Friday 11 May 2007

Lessons must be learned after voting fiasco

Published: 11 May, 2007
John O'Groat Journal and Caithness Courier

THANKS to a swelling band of you, dear readers, the massively improved SNP vote in the Far North has sent me to Holyrood to serve you for the next four years. It is a privilege in our proportional system to be returned.

After a marathon count first for the constituency, then for the council seats, finally, at around 5.30pm on Friday – some 18 hours afters the polls closed – the Highlands and Islands total was collated to complete the list placings for the nation.

It was a huge relief for tired candidates and officials, but one postponed for a very long half-hour by the most bizarre malfunction of a polling system that had produced many long-predicted problems to plague this year's vote.

The arithmetic of the list votes under the de Hondt system should surely be on a computer program, you would think. But it seems not, for the candidates gathered were presented by the returning officer, Highland Council chief executive Arthur McCourt, with an unbelievable result that gave Lab-our four seats, the Tories two and my partner Eleanor Scott of the Greens a return berth. All present were incredulous, so we asked to see the workings on paper.

My colleague Dave Thompson, an arithmetic prize-winner at school, soon spotted the mistake at the first division that threw out the whole calculation.

After more pencil and paper work, the final figures on the list were three Labour (they had lost their last Highlands and Islands constituency seat), two Tories (they haven't won a seat in this region for many years), and two SNP – myself and my arithmetically acute friend Dave, which the huge SNP list vote indicated.

Lessons must be learned quickly to restore trust in the poll organisers.

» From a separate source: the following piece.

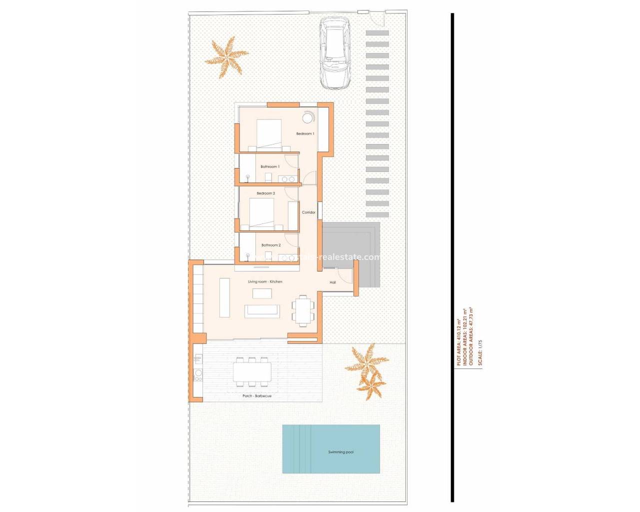 VILLAS NEUVES À ALTAONA GOLF RESORT, MURCIA Nouvelle construction d'un développement extraordinaire de villas nichées dans le magnifique Altaona Resort à Murcie. Cette enclave exclusive offre un cadre idéal pour faire l'expérience de la fusion parfaite entre la vie de luxe et le style de vie méditerranéen tranquille. Le paysage pénètre dans la maison par les grandes fenêtres. Le jardin acquiert une grande présence et fait partie de l'essence même de la villa. À l'intérieur, elles sont spacieuses et lumineuses, conçues pour laisser la lumière méditerranéenne inonder les pièces. Les villas nouvellement construites sont dotées d'une cuisine ouverte, de 2 chambres, de 2 salles de bains, d'une terrasse, d'un jardin privé avec piscine et d'une place de parking. Caractéristiques : - Les propriétés ont un certificat énergétique de niveau A. - Installation de climatisation avec pompe à chaleur. Dans toute la maison à l'exception des salles de bains. - Chauffage électrique par le sol dans le salon et les salles de bains avec thermostat individuel par zone. - Système de renouvellement d'air dans la cuisine, les salles de bains, la buanderie et les toilettes des invités. - Cuisine Comprend une hotte aspirante et une plaque de cuisson électrique à induction avec 3 points de cuisson. - Éclairage LED dans le salon, le couloir et à l'extérieur. Le reste des pièces est préparé pour que le futur propriétaire puisse installer son propre éclairage. - Prises USB dans toutes les chambres. - Interphone électronique pour l'accès de l'extérieur au chemin intérieur. Sonnette à l'entrée de la propriété. - Système domotique avec deux interrupteurs intelligents. - Jardin paysager privé avec système d'irrigation goutte à goutte et la piscine. - Clôture extérieure de l'urbanisation. - Portails d'accès à l'urbanisation pour les véhicules : Portail coulissant en métal avec système d'ouverture à distance. Résidentiel situé à Altaona Golf à seulement 15 minutes en voiture du centre de la capitale Murcie et 20 minutes des plages, vous pouvez profiter de la tranquillité et de la sécurité offerte par le terrain de golf qui a 18 trous et le confort de vivre à proximité de tous les services. L'aéroport de Murcie Corvera est à seulement 15 minutes en voiture.

Surely the basic jobs expected of returning officers should not end with an A4 sheet and peering at eight-point type after most people had little more than three hours' sleep in the previous 48. The implications of a wrong announcement could have led to a court case. They would have denied the SNP its victory over New Labour for days or weeks to come. The momentum of building a new government would have been stalled.

So voters here and across Scotland need answers. Also there were 759 spoilt papers in the Far North list poll. There is a major grievance with the Scotland Office in London and the Lib/Lab Scottish Executive in Edinburgh who allowed big changes in voting procedure to be so shoddily laid out and rearranged. They put in place the national contract for producing and distributing postal ballot papers that left many disenfranchised.

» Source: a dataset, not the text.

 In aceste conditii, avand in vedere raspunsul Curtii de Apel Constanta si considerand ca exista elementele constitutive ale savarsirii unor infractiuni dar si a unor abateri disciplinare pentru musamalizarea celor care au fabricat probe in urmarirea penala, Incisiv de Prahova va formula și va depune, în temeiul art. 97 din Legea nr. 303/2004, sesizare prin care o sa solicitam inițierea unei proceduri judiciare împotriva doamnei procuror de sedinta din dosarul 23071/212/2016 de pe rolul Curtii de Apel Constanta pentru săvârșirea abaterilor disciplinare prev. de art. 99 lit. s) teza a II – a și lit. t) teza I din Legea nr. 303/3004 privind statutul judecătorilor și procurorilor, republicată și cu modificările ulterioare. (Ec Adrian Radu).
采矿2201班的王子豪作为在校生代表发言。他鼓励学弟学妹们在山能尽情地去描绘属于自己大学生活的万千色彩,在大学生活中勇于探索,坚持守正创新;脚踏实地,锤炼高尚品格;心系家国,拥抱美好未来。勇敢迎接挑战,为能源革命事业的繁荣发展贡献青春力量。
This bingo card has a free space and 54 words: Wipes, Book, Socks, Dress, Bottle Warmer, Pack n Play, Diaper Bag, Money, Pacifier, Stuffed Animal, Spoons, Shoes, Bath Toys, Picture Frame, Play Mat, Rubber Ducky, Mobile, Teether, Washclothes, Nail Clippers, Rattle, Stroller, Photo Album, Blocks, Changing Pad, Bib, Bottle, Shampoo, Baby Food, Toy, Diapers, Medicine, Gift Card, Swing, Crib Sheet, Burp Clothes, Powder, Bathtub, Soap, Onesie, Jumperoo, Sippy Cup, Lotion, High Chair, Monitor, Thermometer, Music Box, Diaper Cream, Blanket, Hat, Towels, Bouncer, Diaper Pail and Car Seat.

I chased the authorities in some individual cases and have drawn my own interim conclusion that the time allowed to publish the parties contesting the poll and the production and distribution of the papers was far too tight. But it's a lesson that even folk who have had postal votes for many years suffered as much as holiday-goers applying at the last moment.

The Scotland Office minister in London, Douglas Alexander, at whose door this chaos lies, was seen at House of Commons Scottish Questions on TV to blame anyone else he could for the fiasco.

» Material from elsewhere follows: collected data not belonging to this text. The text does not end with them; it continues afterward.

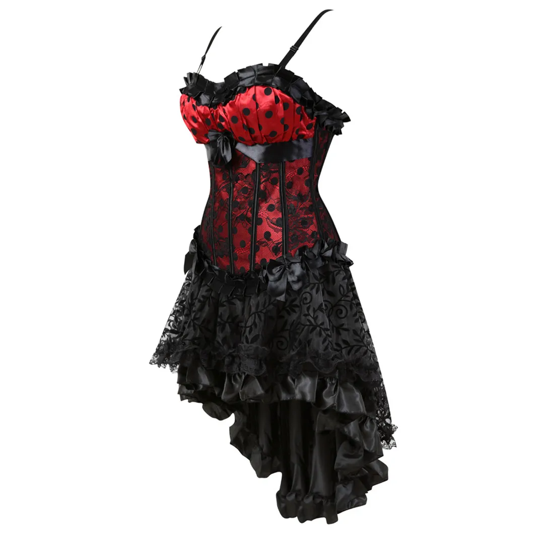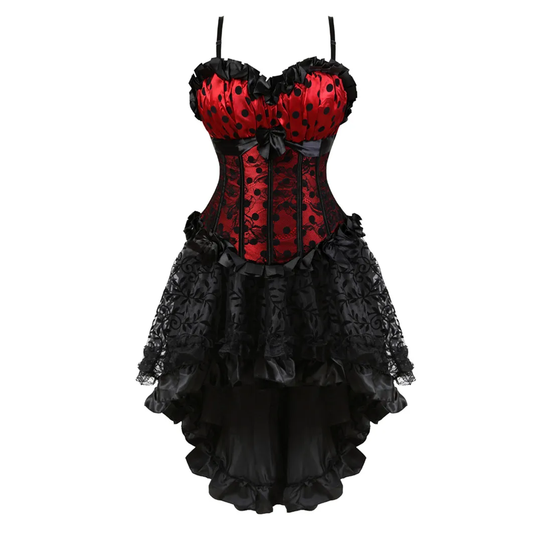 Женское сексуальное кружевное винтажное платье-корсет с готическим принтом в горошек, женское Бюстье с кружевной юбкой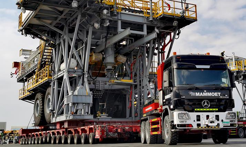 Mammoet has transported two pre-assembled onshore oil rigs and accessories, each weighing up to 471t, by sea and land from the UAE to Oman under a contract by the sultanate’s Khimji Ramdas Shipping (KRS).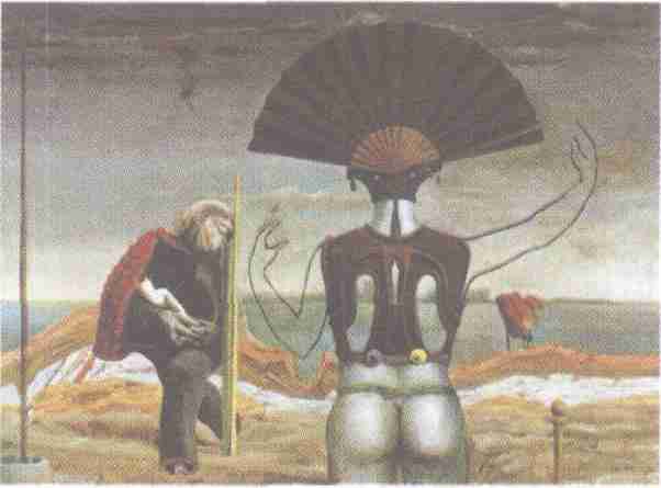 超现实主义:女人、老人和第二花(画布、油画)1923年 收藏于纽约现代美术馆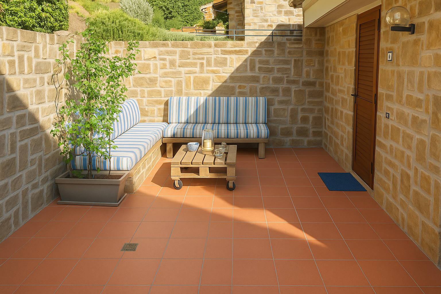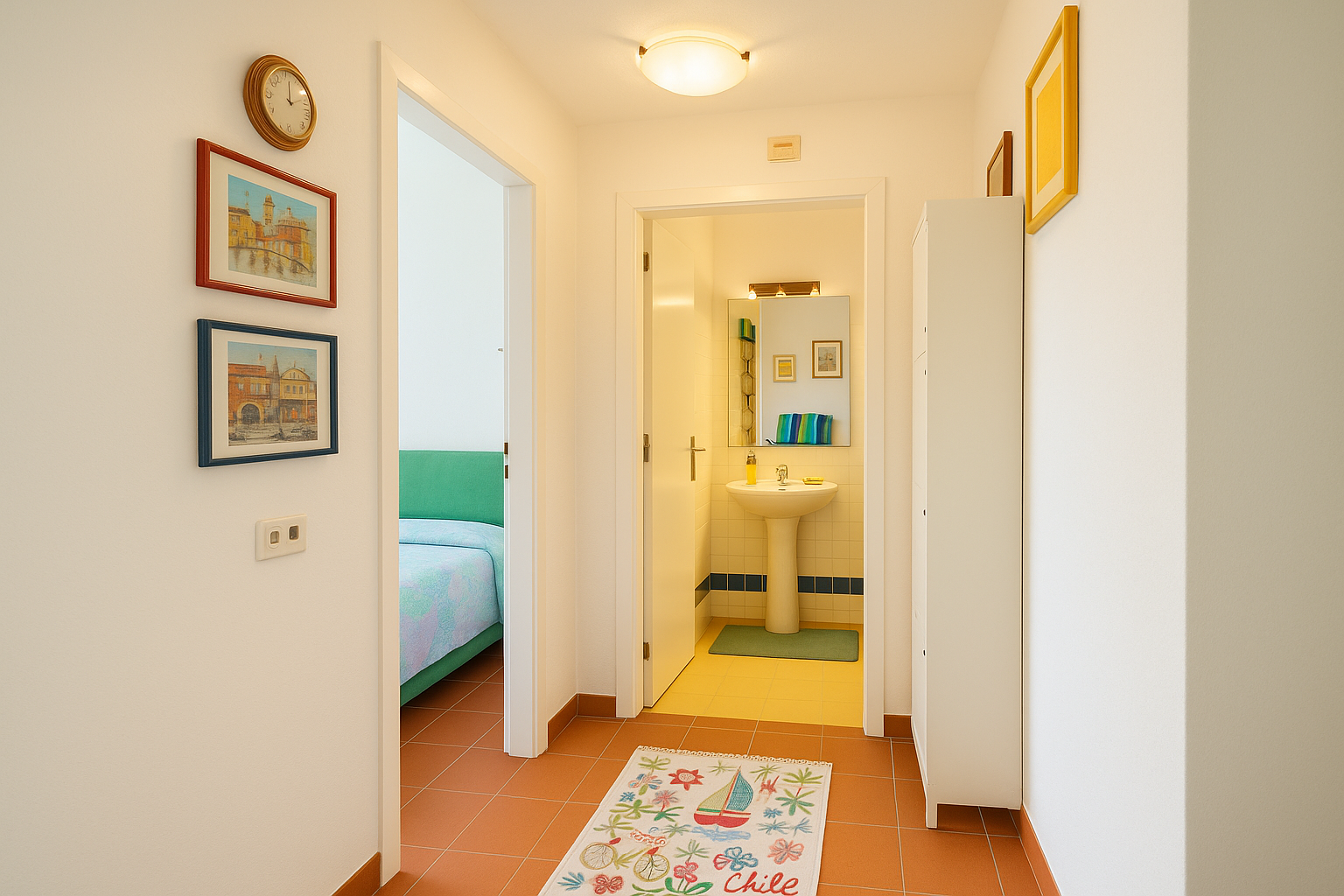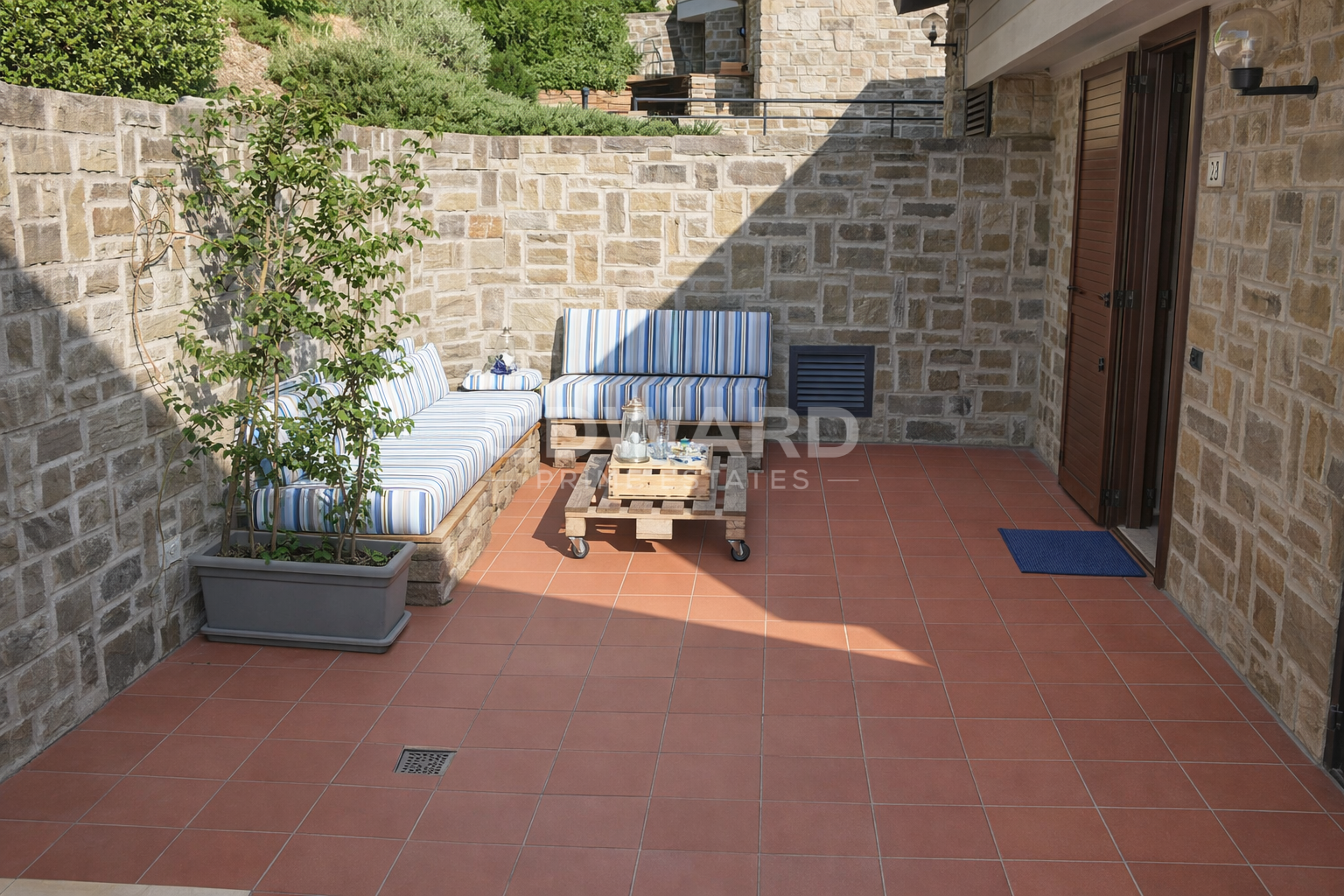 The thermal break aluminum frames, equipped with glass and mosquito nets, have been recently redone. There is a comfortable custom-made built-in wardrobe, a courtyard at the entrance and a habitable terrace, ideal for lunches and moments of relaxation outdoors.

Therefore I wholeheartedly agree with a letter-writer in The Herald this week who pointed out that Mr Alexander was "the same chap who was touring the country telling us we could not manage our own affairs".

*

SINCE the outcome of the historic poll which defeated Scottish Labour for the first time in 50 years, Alex Salmond has been seeking partners and support to form the next government. Whilst we were sworn in two days ago, the Unionist parties are each in turn standing aside from acceptance of the results.

It seems their lack of support for an Alex Salmond-led government would seek to deny the solution to many bread-and-butter issues that we heard Messrs McConnell, Stephen and Miss Goldie trumpet in the whole campaign. Instead the excuse is that the key SNP policy of a referendum in 2010 on Scotland's independence is far more important.

As I campaigned across Caithness, Sutherland and Easter Ross I found many who want an SNP government to act now on domestic matters and who well understand that the merits of independence could be debated in 2010. What they wanted now was an end to the hated council tax and the liberation of small businesses from swingeing rates, along with action on unfair fuel prices and the wilful neglect of transport, housing and low pay. Uncertainties were commonplace about cash needed for Dounreay decommissioning and the importance of keeping its skilled workers gainfully employed in the North. Folk were saying we need a strong steer from a Scottish government that cares for the area because the DTI in London clearly could not care less.

In short, people vote in elections to seek solutions to pressing issues. As the biggest party chosen by Scottish electors on May 3, 2007, the SNP is committed to tackling these tasks with imagination and fresh ideas. It will be a positive benefit to North voters that so many have told me they want so badly.